As for foreign affairs, where do we commence?
And now, today we read…
President Obama is being knocked by local press for chewing gum today at the Republic Day parade in India.
“In an ungainly sight, cameras caught US President Brack Obama chewing gum during the Republic Day parade on Monday. In the picture captured by cameras and posted on Twitter by some users, Obama was spotted removing his chewing gum while PM Modi was seen trying to explain something to the US president,” reports the Times of India.
He is an embarrassment. I think this is worse than the many photos of his stupid hi-jinks on the golf course, this was a formal State function. In India, where they were ready to chop an American actors head off (well, throw him in jail actually) for kissing a Indian Actress in public.
So what’s left for him?
That has been obvious for the past several months, clearly evinced by his senseless executive orders, his annoying appointments, and his unwillingness to face up to the facts. Obama plans to be a pest
Or worse. But I think Dunn hit the right note, Obama is (fortunately or unfortunately) an incompetent. He doesn’t have the stones to really be a Dictator and I think the wiser and richer heads behind him are getting nervous and just want him off the stage. Because Dunn’s other point is apt. Obama is the Norse God of Mischief personified, he’s the second coming of Loki. Thank God that I don’t have to deal with the shame of having voted for him, I couldn’t look myself in the mirror. I wonder how those that have that on their consciences are dealing with it? We should form support groups for the poor people.
God what an embarrassment! Well, since we’re on a roll…
The USA has, by far, the highest per capita gun ownership in the world. Progressives will tell you that this is what makes America the Murder Capitol of Planet Earth.
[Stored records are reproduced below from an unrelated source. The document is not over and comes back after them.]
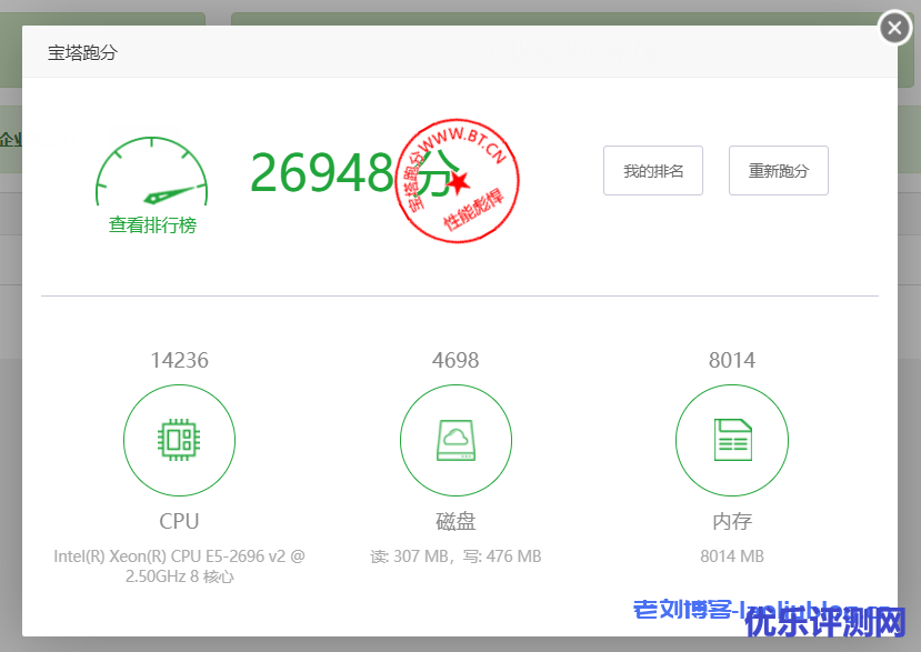 宝塔跑分26948,性能彪悍,机器配置信息与脚本测试结果一致。
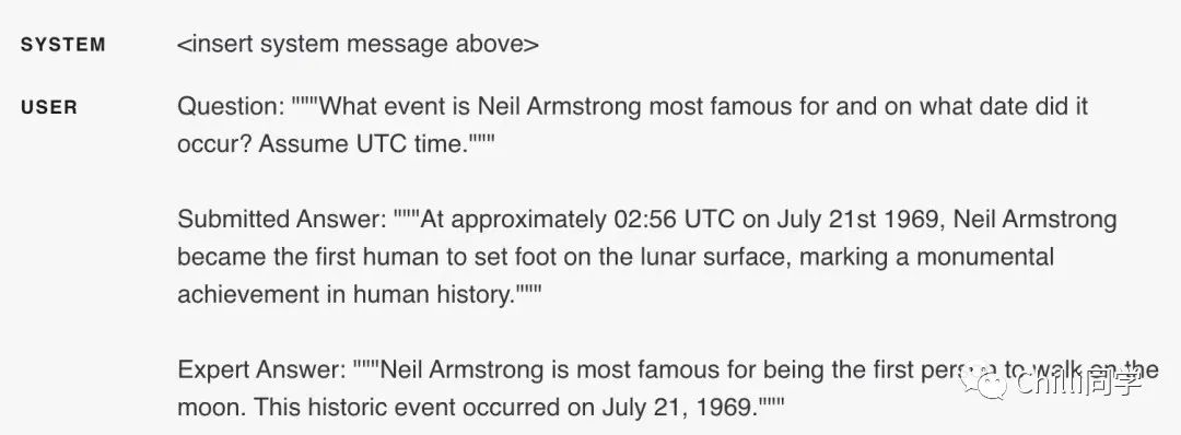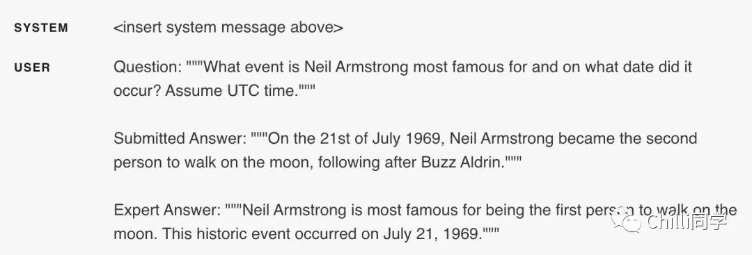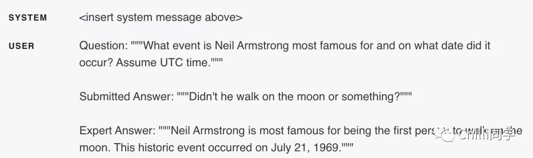 而下面这个示例输入中,答案与专家答案完全相反(认为尼尔·阿姆斯特朗是第二个在月球上行走的人):
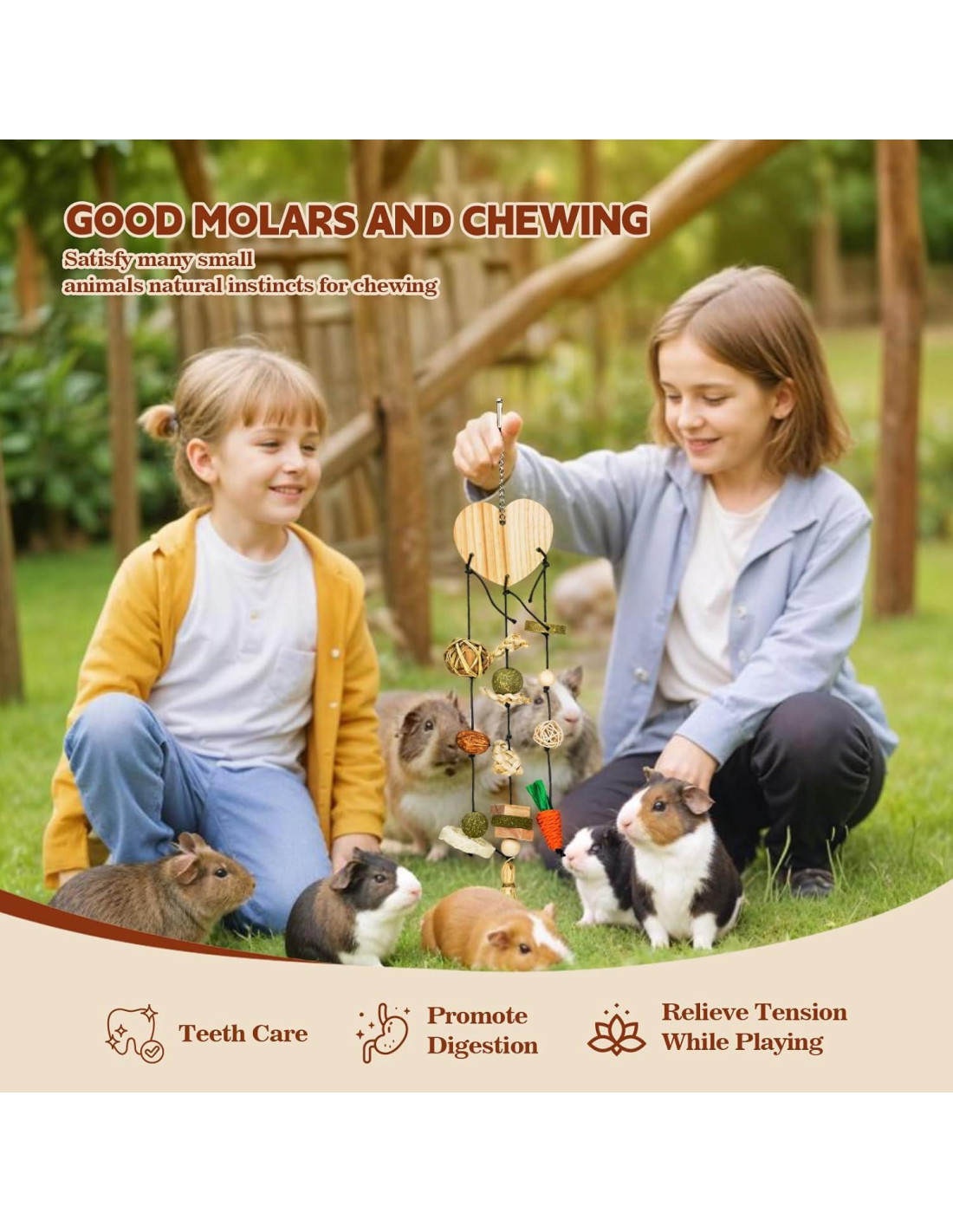 - Mantener los Dientes Saludables: Los juguetes de masticar para cobayas en la jaula son perfectos para el desgaste de los dientes de los animales pequeños y también se pueden masticar de forma segura. Las golosinas para hámsteres de materiales naturales pueden proteger el crecimiento saludable de los dientes de sus mascotas y evitar problemas orales causados por el crecimiento excesivo de los dientes, así como prevenir que muerdan su jaula y otros muebles. Las golosinas para conejos pueden mantener los dientes de sus mascotas limpios y saludables y aliviar el dolor de los dientes excesivamente largos.
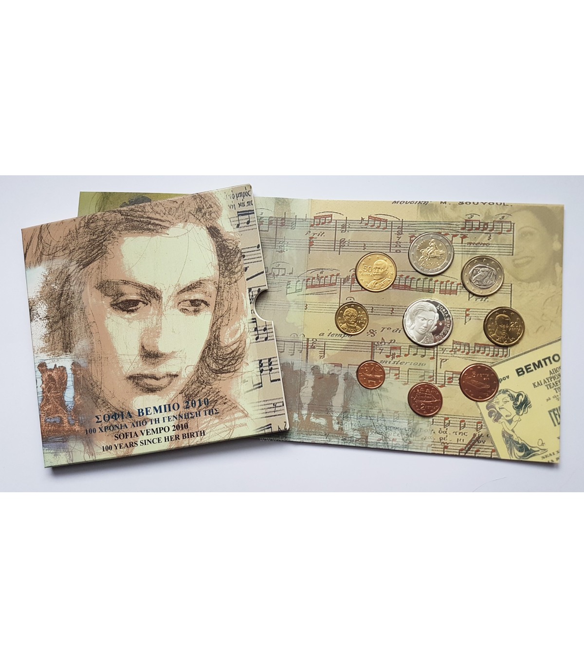 Estuche BU para 2010 que incluye una serie de 8 monedas circulantes de 1 céntimo a 2 euros Grecia + una moneda de calidad Belle Epreuve de 10 euros sobre el tema del centenario de Sophia Vempo.
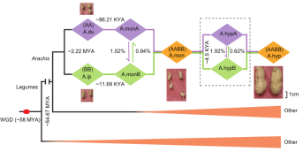 栽培花生和野生花生的亞基因組間的同源序列交換率(HSE)分別為2.46%和2.54%。野生花生中A到B的HSE富集的基因為類黃酮生物合成和晝夜節律途徑的基因,暗示不對稱HSEs在生物學功能中的作用;
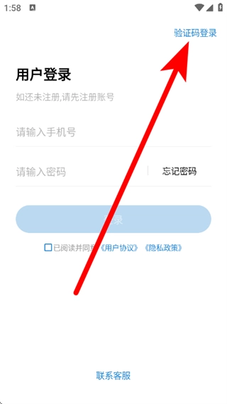 在用户登录页面,点击验证码登录,进入登录页面。
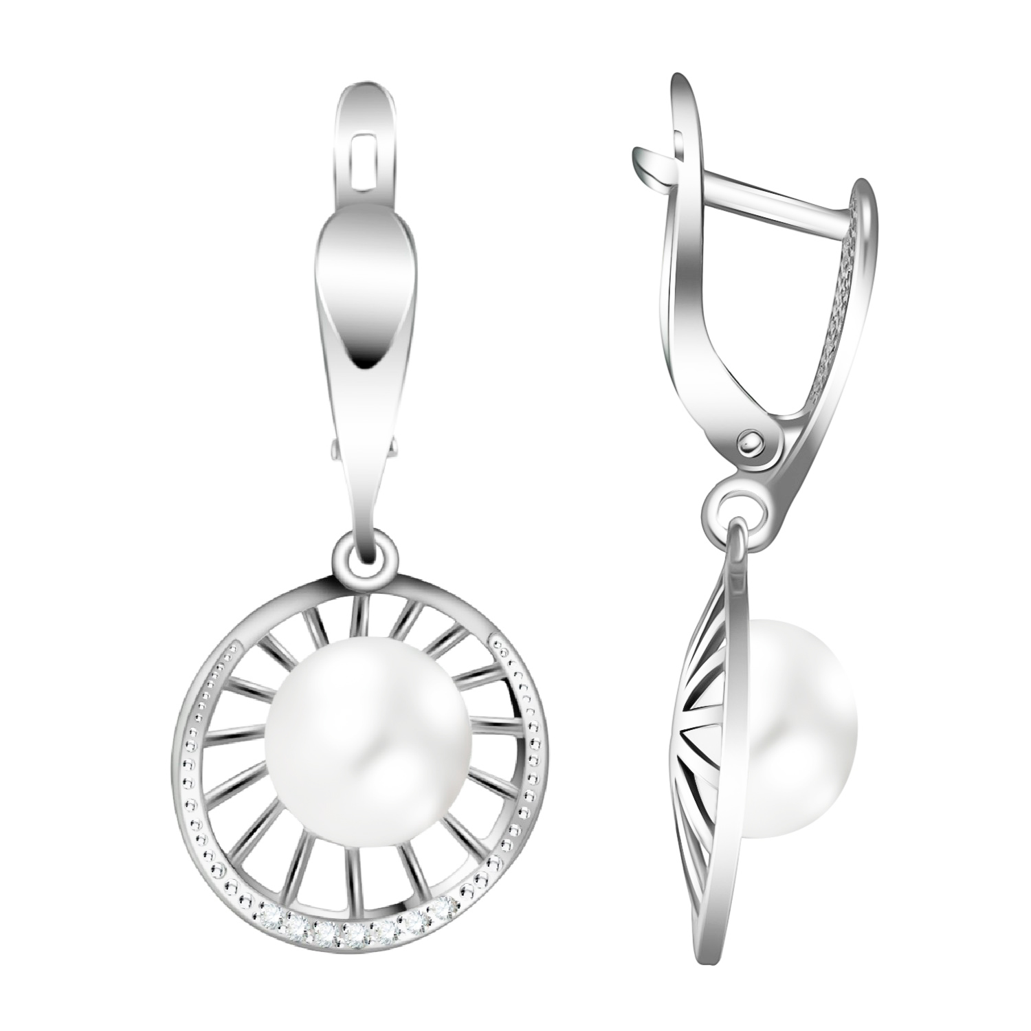 Серьги из серебра сжемчугом и фианитами
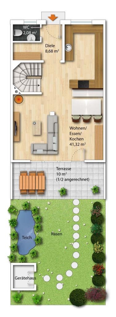 Dieses familienfreundliche Reihenmittelhaus bietet eine Wohnfläche von ca. 147 m² auf einem großzügigen Grundstück von ca. 428 m². Im Erdgeschoss finden Sie eine Diele, ein Gäste-WC mit Fenster und ein geräumiges Wohn- und Esszimmer mit offener Küche, das nicht nur das Herzstück des Hauses darstellt, sondern auch beeindruckende 41 m² misst und damit Einfamilienhauscharakter hat. Der Wohnbereich ist mit einem Schwedenofen für kalte Wintermonate ausgestattet und bietet genug Platz für eine Sofalandschaft, einen Fernseher und einen Essbereich. Die hochwertige Einbauküche, lässt das Herz eines jeden Hobbykochs höherschlagen und ist bereits im Kaufpreis mitinbegriffen. Vom Wohnzimmer aus gelangen Sie zur Süd-West Terrasse und in den eigenen, schön eingewachsenen Garten, der sogar einen Fischteich und ein Gerätehaus zu bieten hat.

But we’re not, and in this devastatingly effective Firewall, Bill Whittle shows why the center of Gun Nut Nation is in fact one of the safest places in the world.
I spoke with someone connected to the International Olympic Committee who told me that Boston has rocketed to the top of their consideration list [for 2024] because of how the city was able to shut itself down after the Boston Marathon bombing.
I.E. Conduct a full blown Police-State takeover and occupation of Boston and surrounding communities, eagerly violating the rights of thousands by shutting citizens into their homes under penalty of death. No Kidding!
I blogged about it then and I’m still outraged. But I’m apparently the only one…am I?
I quoted a comment from another blog then and I think it’s a good time to repeat it now.
“It seems hard to escape the conclusion that many of these questions might never be answered. Local authorities in Boston have now had a taste of the expediency of extraordinary police powers which obviously run up to and include the power to paralyze an entire city to hunt down one man. It seems difficult to conclude that they will easily relinquish them.” (April 2013)
Give that person a gold star! On the money. Bad enough that Boston is eagerly looking for the chance to spend billion of dollars that they don’t have. Plus the opportunity to misuse Emanate Domain to wipe out inconvenient neighbors or businesses. But they will enshrine the principles of iron-control of the populace. When and if they do just stop calling them, Citizens.